- **TASK OBJECTIVE**
An exact copy of all the data is the expected answer.

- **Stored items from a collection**
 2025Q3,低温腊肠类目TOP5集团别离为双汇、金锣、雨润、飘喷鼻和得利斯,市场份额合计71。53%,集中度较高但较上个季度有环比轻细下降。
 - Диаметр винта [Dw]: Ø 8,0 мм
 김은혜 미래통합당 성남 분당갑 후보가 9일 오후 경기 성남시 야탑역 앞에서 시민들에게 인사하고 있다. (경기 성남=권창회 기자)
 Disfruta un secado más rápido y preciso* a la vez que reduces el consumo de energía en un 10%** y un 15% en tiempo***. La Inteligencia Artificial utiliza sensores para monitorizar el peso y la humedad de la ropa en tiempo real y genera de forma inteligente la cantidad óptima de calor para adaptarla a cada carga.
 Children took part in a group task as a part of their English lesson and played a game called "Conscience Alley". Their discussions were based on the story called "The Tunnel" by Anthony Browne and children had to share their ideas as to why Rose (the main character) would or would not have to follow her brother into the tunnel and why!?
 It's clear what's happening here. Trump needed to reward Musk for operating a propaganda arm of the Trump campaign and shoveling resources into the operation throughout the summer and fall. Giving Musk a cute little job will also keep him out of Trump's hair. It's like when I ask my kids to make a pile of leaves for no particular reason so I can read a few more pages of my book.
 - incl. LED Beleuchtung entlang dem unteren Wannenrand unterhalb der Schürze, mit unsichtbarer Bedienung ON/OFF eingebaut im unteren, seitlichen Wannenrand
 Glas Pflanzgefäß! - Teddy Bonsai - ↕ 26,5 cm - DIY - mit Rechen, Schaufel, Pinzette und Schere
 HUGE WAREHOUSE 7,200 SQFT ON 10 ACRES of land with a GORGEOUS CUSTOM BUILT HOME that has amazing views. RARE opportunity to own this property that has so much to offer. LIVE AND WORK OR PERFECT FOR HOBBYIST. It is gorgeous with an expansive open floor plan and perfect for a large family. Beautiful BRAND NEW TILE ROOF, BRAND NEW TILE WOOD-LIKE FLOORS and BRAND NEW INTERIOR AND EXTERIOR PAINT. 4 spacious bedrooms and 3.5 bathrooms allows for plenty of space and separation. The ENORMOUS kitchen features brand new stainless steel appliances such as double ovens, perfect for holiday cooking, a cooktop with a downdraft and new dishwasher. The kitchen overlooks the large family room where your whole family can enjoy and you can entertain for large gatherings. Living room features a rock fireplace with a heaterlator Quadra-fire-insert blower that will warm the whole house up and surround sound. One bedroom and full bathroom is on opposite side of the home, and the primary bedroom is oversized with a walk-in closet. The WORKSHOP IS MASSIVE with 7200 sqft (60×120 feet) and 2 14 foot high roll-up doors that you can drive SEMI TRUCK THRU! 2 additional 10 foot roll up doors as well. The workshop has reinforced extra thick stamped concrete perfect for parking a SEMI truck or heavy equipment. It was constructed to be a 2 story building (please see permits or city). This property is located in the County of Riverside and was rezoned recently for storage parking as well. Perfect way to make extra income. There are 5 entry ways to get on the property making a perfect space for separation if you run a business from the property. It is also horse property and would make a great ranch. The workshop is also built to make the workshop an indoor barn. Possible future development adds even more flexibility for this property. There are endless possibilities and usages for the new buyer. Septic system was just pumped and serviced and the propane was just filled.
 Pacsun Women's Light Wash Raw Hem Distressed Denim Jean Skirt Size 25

- **COMPLETED TASK**
 2025Q3,低温腊肠类目TOP5集团别离为双汇、金锣、雨润、飘喷鼻和得利斯,市场份额合计71。53%,集中度较高但较上个季度有环比轻细下降。
 - Диаметр винта [Dw]: Ø 8,0 мм
 김은혜 미래통합당 성남 분당갑 후보가 9일 오후 경기 성남시 야탑역 앞에서 시민들에게 인사하고 있다. (경기 성남=권창회 기자)
 Disfruta un secado más rápido y preciso* a la vez que reduces el consumo de energía en un 10%** y un 15% en tiempo***. La Inteligencia Artificial utiliza sensores para monitorizar el peso y la humedad de la ropa en tiempo real y genera de forma inteligente la cantidad óptima de calor para adaptarla a cada carga.
 Children took part in a group task as a part of their English lesson and played a game called "Conscience Alley". Their discussions were based on the story called "The Tunnel" by Anthony Browne and children had to share their ideas as to why Rose (the main character) would or would not have to follow her brother into the tunnel and why!?
 It's clear what's happening here. Trump needed to reward Musk for operating a propaganda arm of the Trump campaign and shoveling resources into the operation throughout the summer and fall. Giving Musk a cute little job will also keep him out of Trump's hair. It's like when I ask my kids to make a pile of leaves for no particular reason so I can read a few more pages of my book.
 - incl. LED Beleuchtung entlang dem unteren Wannenrand unterhalb der Schürze, mit unsichtbarer Bedienung ON/OFF eingebaut im unteren, seitlichen Wannenrand
 Glas Pflanzgefäß! - Teddy Bonsai - ↕ 26,5 cm - DIY - mit Rechen, Schaufel, Pinzette und Schere
 HUGE WAREHOUSE 7,200 SQFT ON 10 ACRES of land with a GORGEOUS CUSTOM BUILT HOME that has amazing views. RARE opportunity to own this property that has so much to offer. LIVE AND WORK OR PERFECT FOR HOBBYIST. It is gorgeous with an expansive open floor plan and perfect for a large family. Beautiful BRAND NEW TILE ROOF, BRAND NEW TILE WOOD-LIKE FLOORS and BRAND NEW INTERIOR AND EXTERIOR PAINT. 4 spacious bedrooms and 3.5 bathrooms allows for plenty of space and separation. The ENORMOUS kitchen features brand new stainless steel appliances such as double ovens, perfect for holiday cooking, a cooktop with a downdraft and new dishwasher. The kitchen overlooks the large family room where your whole family can enjoy and you can entertain for large gatherings. Living room features a rock fireplace with a heaterlator Quadra-fire-insert blower that will warm the whole house up and surround sound. One bedroom and full bathroom is on opposite side of the home, and the primary bedroom is oversized with a walk-in closet. The WORKSHOP IS MASSIVE with 7200 sqft (60×120 feet) and 2 14 foot high roll-up doors that you can drive SEMI TRUCK THRU! 2 additional 10 foot roll up doors as well. The workshop has reinforced extra thick stamped concrete perfect for parking a SEMI truck or heavy equipment. It was constructed to be a 2 story building (please see permits or city). This property is located in the County of Riverside and was rezoned recently for storage parking as well. Perfect way to make extra income. There are 5 entry ways to get on the property making a perfect space for separation if you run a business from the property. It is also horse property and would make a great ranch. The workshop is also built to make the workshop an indoor barn. Possible future development adds even more flexibility for this property. There are endless possibilities and usages for the new buyer. Septic system was just pumped and serviced and the propane was just filled.
 Pacsun Women's Light Wash Raw Hem Distressed Denim Jean Skirt Size 25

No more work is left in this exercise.